Buddhist chat lines and other venues often contain the abusive comments of a gang of contributors who consider themselves the Dharma Schutzstaffel, an orthodox "Guardian Squadron" that is entitled to denounce (as they quote chapter and verse of scriptures from their particular school) and expel from Buddhist ranks anyone who does not subscribe to their version of the Dharma. Buddhism's "gentle persuasion" is no where in sight. Those who would comment in a gentle manner are driven away - as are readers who visited the site in hopes of finding a Path.

All of these self-ordained "Keepers of the Flame" accomplish very little. Given a little time, they usually strengthen the side they are opposing.

Jim Thorpe's medals were returned to him, thirty years after his death. Ultimately, none of the incident's disgrace fell upon him.

The soldiers in Iraq believe in their cause and continue to do what they agreed to do. They do not make foreign policy; and neither their interests nor the reputation of the country need be sacrificed in order to voice an opinion about that policy. Perhaps as a demonstration of combat-readiness, they immediately responded to the slur by posing in front of hand-painted signs: "Halp us, John. We ain't got no ejicashun." The Senator, his foot bleeding, announced that he would not be a candidate for the presidency.

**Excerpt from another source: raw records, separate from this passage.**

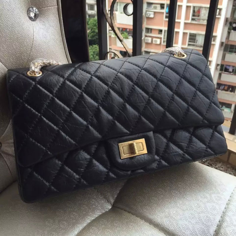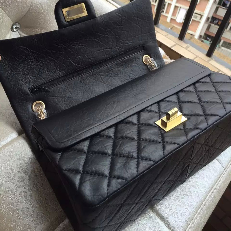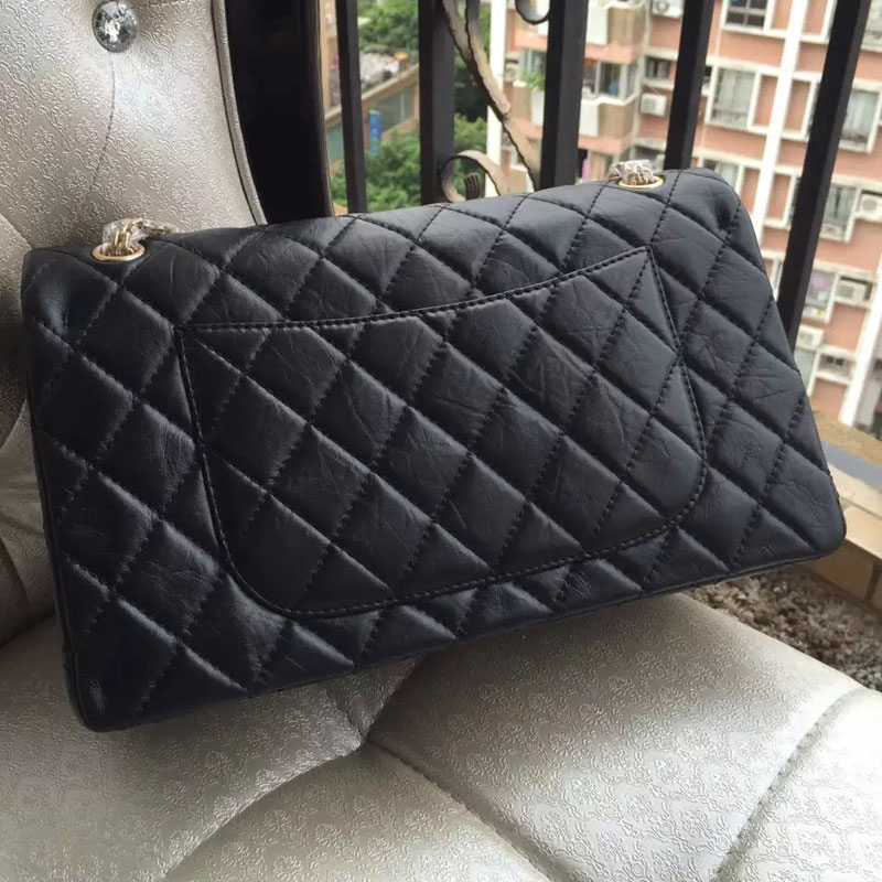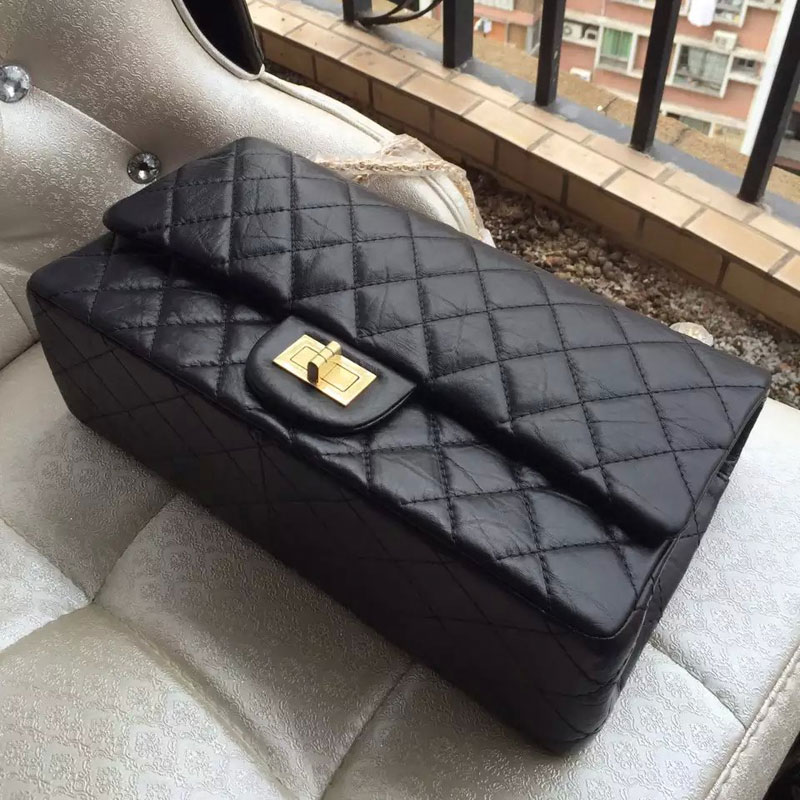 Chanel Original Glazed Crackled Leather Classic Flap Bag A30227 Black Gold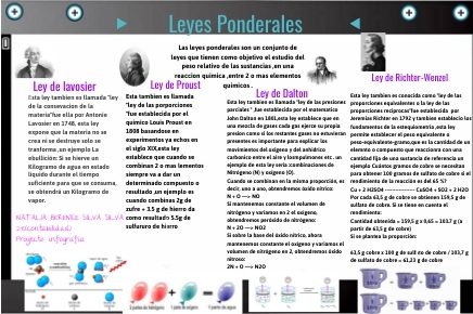 Las leyes ponderales son un conjunto de leyes que tienen como objetivo el estudio del peso relativo de las sustancias ,en una reaccion quimica ,entre 2 o mas elementos quimicos .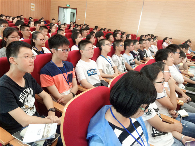 全体高一新生有序进入会场,静候活动开始。首先,高一同学观看了三段由我校优秀毕业生代表录制的视频。视频由现就读于中国科技大学的2015届毕业生时成帅同学,厦门大学的2016届毕业生陈芊芊同学,中科大少年班的2016届毕业生殷正同学精心录制。视频中,三位学长学姐就竞赛,自主招生与高考和高中生活作息等方面分享了自己的经验。三位学长一致认为,竞赛需要建立在自己学有余力的基础上进行,只有这样,竞赛才会成为成功迈入大学的推动力。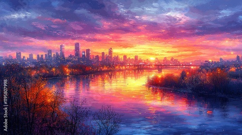 Fototapeta premium Vibrant Cityscape Sunset Reflection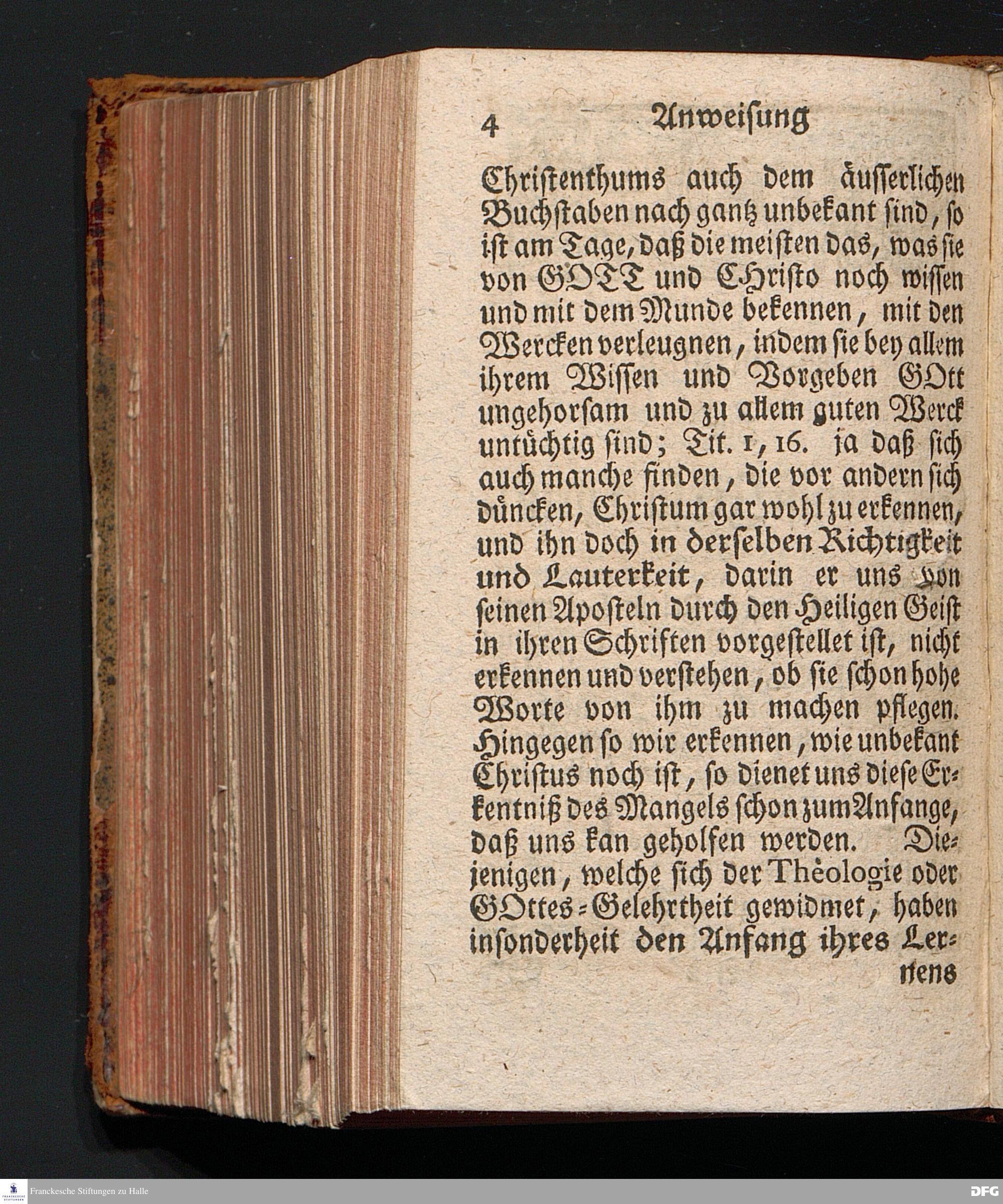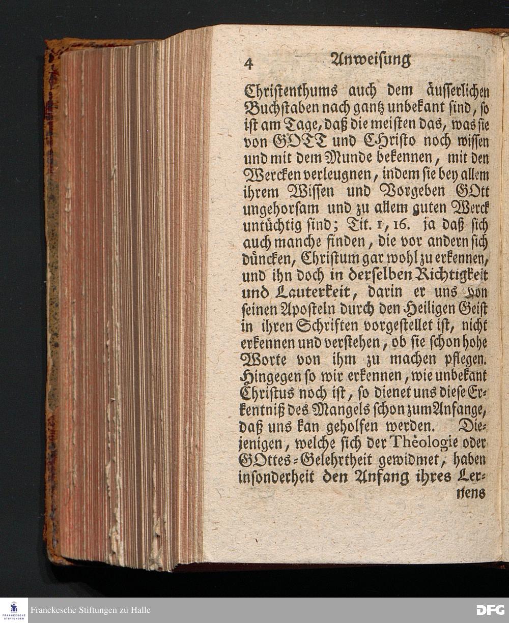 Kurtze Anweisung zur wahren, lauteren und Apostolischen Erkentniß JEsu Christi; Da In zehen Puncten, wie dieselbe nach dem Sinn und der Lehr=Art der Apostel richtig und nachdrücklich zum wahren Heyl der Seelen zu fassen sey, gezeiget wird Von August Hermann Francken, S.Theol.Prof.Ord.& Past.Ulr. Sechste Auflage. HALLE, In Verlegung des Wäysenhauses, 1742.

By their premature and somewhat cavalier determination that a drunken, reckless charge was Gospel truth, the 88 faculty members helped to create another Tawanda Brawley. This is not likely to benefit the next African American woman who claims to have been beaten and raped by white men. But on the bright side, the Ku Klux Klan may give them a gratuity for all the good they did for race relations.

And finally, we, as Buddhists, should be circumspect when voicing opinions about our religion and the religion of others. If we can't obey the rules of Loyal Opposition, we should make an effort to be civil and to try, at least, to respect the right, to "live and let live." Destroying something in order to improve it or save it makes sense only in the world of intellectual snobbery.